» WORK INSTRUCTIONS: Look below for the lines from the one with "男性用 スポーツパーカースウェットシャツ フリースカーディガンジャケット" to the one with "This beach mat", and copy exactly those lines, both ends included.

(PROVIDED INFORMATION begins)

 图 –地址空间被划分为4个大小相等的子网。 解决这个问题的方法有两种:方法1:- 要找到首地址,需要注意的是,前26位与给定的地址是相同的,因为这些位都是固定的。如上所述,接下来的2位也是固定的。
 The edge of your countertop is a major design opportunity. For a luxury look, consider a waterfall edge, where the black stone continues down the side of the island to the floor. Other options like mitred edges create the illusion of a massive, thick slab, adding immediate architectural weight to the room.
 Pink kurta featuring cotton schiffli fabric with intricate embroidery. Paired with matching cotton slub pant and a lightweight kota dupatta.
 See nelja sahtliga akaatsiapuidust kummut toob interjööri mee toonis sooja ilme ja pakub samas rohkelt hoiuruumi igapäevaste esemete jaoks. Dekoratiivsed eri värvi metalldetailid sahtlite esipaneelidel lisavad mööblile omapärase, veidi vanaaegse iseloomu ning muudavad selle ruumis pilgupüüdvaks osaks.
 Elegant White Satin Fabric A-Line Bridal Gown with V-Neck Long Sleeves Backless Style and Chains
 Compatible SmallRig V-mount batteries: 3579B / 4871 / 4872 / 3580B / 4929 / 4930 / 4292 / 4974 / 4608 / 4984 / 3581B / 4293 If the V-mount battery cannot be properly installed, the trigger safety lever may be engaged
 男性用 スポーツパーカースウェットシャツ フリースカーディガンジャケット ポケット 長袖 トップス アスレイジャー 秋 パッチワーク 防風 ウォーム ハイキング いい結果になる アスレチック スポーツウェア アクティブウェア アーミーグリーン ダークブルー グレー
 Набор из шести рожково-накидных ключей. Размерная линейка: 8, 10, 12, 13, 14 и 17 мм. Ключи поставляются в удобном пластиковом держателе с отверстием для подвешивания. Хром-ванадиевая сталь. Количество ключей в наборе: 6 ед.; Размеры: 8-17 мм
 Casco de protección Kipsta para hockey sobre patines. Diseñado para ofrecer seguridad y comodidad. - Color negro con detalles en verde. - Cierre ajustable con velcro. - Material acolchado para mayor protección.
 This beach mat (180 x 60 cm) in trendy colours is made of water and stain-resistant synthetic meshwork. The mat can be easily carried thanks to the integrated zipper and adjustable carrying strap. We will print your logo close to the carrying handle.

(PROVIDED INFORMATION ends)
(PROVIDED INFORMATION begins)

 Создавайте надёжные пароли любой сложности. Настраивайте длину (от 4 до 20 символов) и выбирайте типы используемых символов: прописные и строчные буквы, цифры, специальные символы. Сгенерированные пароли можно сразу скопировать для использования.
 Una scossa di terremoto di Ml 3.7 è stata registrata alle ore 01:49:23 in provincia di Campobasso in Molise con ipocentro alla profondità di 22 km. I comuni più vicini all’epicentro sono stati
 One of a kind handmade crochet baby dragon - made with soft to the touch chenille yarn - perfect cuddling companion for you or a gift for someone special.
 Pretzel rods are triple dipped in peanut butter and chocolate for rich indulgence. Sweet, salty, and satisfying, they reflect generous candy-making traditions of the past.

(PROVIDED INFORMATION ends)

» PROBLEM SOLUTION:
 男性用 スポーツパーカースウェットシャツ フリースカーディガンジャケット ポケット 長袖 トップス アスレイジャー 秋 パッチワーク 防風 ウォーム ハイキング いい結果になる アスレチック スポーツウェア アクティブウェア アーミーグリーン ダークブルー グレー
 Набор из шести рожково-накидных ключей. Размерная линейка: 8, 10, 12, 13, 14 и 17 мм. Ключи поставляются в удобном пластиковом держателе с отверстием для подвешивания. Хром-ванадиевая сталь. Количество ключей в наборе: 6 ед.; Размеры: 8-17 мм
 Casco de protección Kipsta para hockey sobre patines. Diseñado para ofrecer seguridad y comodidad. - Color negro con detalles en verde. - Cierre ajustable con velcro. - Material acolchado para mayor protección.
 This beach mat (180 x 60 cm) in trendy colours is made of water and stain-resistant synthetic meshwork. The mat can be easily carried thanks to the integrated zipper and adjustable carrying strap. We will print your logo close to the carrying handle.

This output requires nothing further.